_REQUIRED WORK:_
Give the lines again exactly as they appear, from the first line of the listing through the line containing "luźny- wzór: paski", and omit every picture.

_THE DATA:_
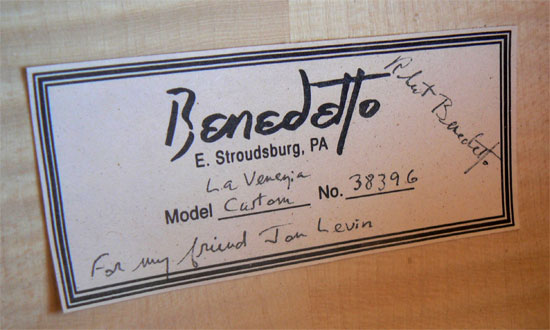 Notes: He wrote the book on archtop guitar building. Literally. The most influential jazz guitar builder of the late 20th century, Bob Benedetto almost single-handedly jump-started the contemporary revival of fine handbuilt archtop guitars, and his client roster is an A-list of the topmost echelon of jazz guitar talent. Many of Benedetto's design concepts have been adopted as benchmarks, and an entire generation of today's top-tier builders count themselves as students or disciples.
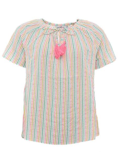 – czysta bawełna- dekolt: okrągły- detale: ozdobne wiązanie- krój: luźny- wzór: paski
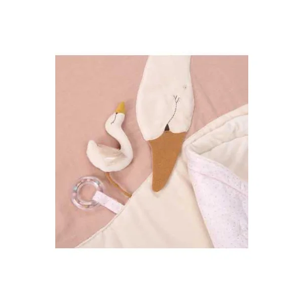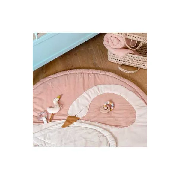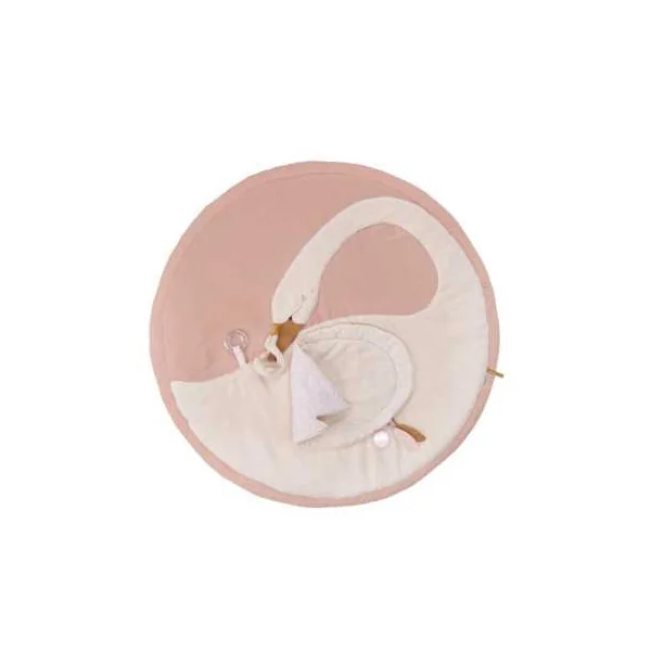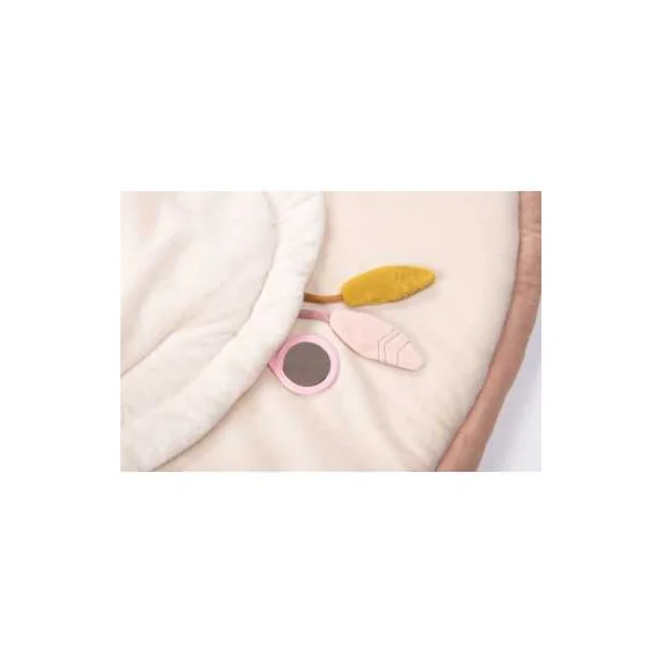 Ce tapis rond molletonné composé de tissus en lin et coton, certifiés OEKO-TEX®, avec de nombreuses activités pour stimuler bébé. Décoré d’un cygne et son petit, il propose des jeux de matières, des sons à découvrir…
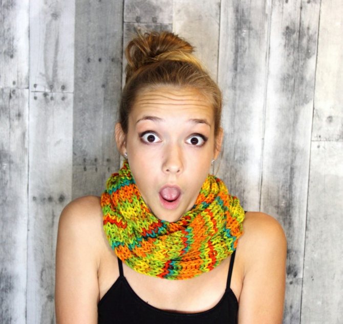 Чтобы понять, как связать круговой шарф хомут спицами, модный снуд или шарф-трубу, достаточно освоить простую вязку классического шарфа.
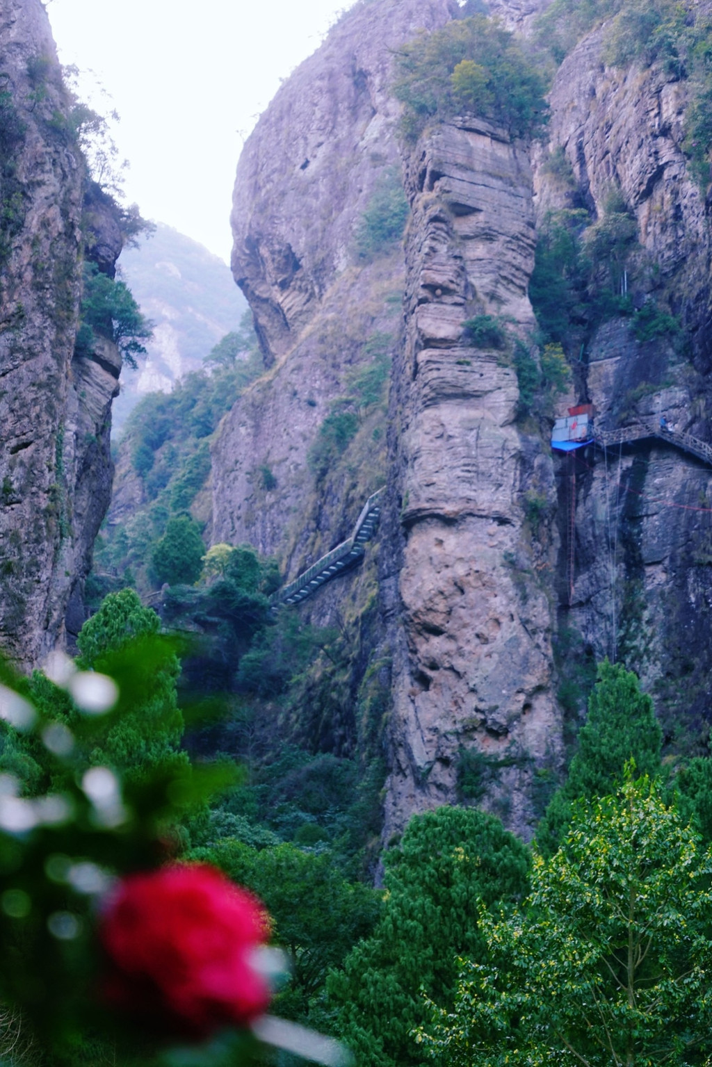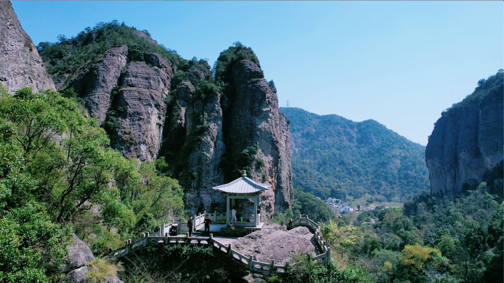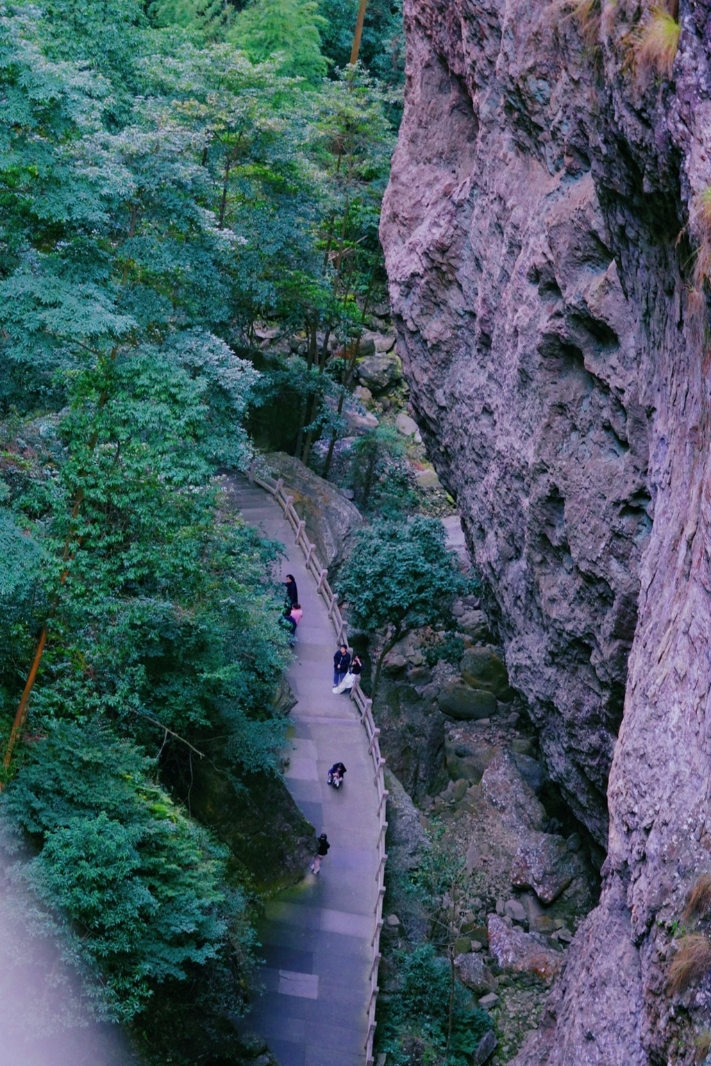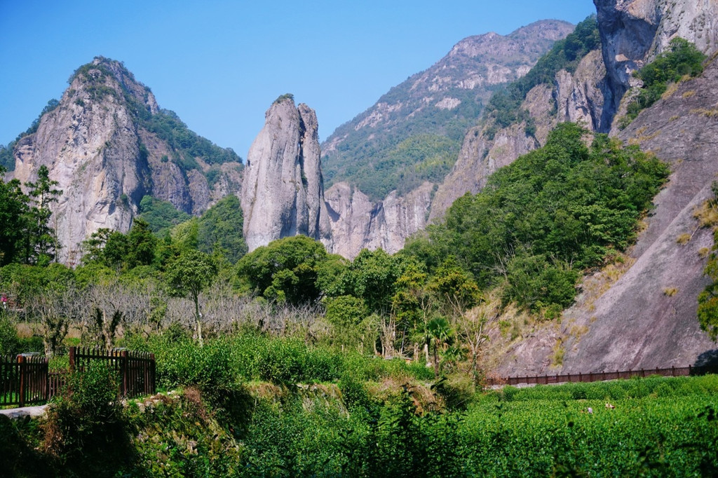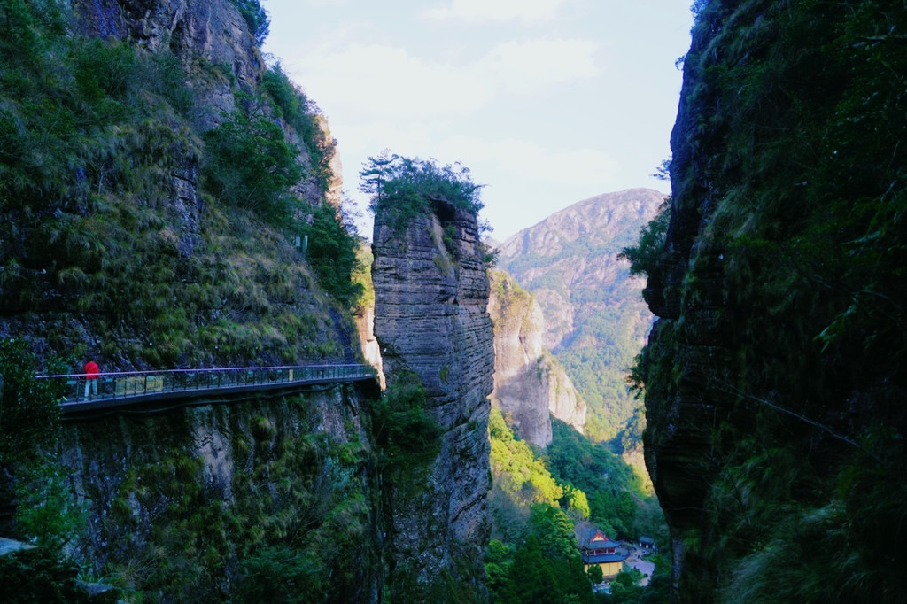 “雁荡冠天下,灵岩尤绝奇。”徒步山中悬壁栈道,沿着蜿蜒盘旋的山路前行,四周参天古木环抱,灵岩群峰村落有致的环列,犹如一支雄壮浑庞的军队,潜伏在深山幽林之中。

_TASK SOLUTION:_
 Notes: He wrote the book on archtop guitar building. Literally. The most influential jazz guitar builder of the late 20th century, Bob Benedetto almost single-handedly jump-started the contemporary revival of fine handbuilt archtop guitars, and his client roster is an A-list of the topmost echelon of jazz guitar talent. Many of Benedetto's design concepts have been adopted as benchmarks, and an entire generation of today's top-tier builders count themselves as students or disciples.
 – czysta bawełna- dekolt: okrągły- detale: ozdobne wiązanie- krój: luźny- wzór: paski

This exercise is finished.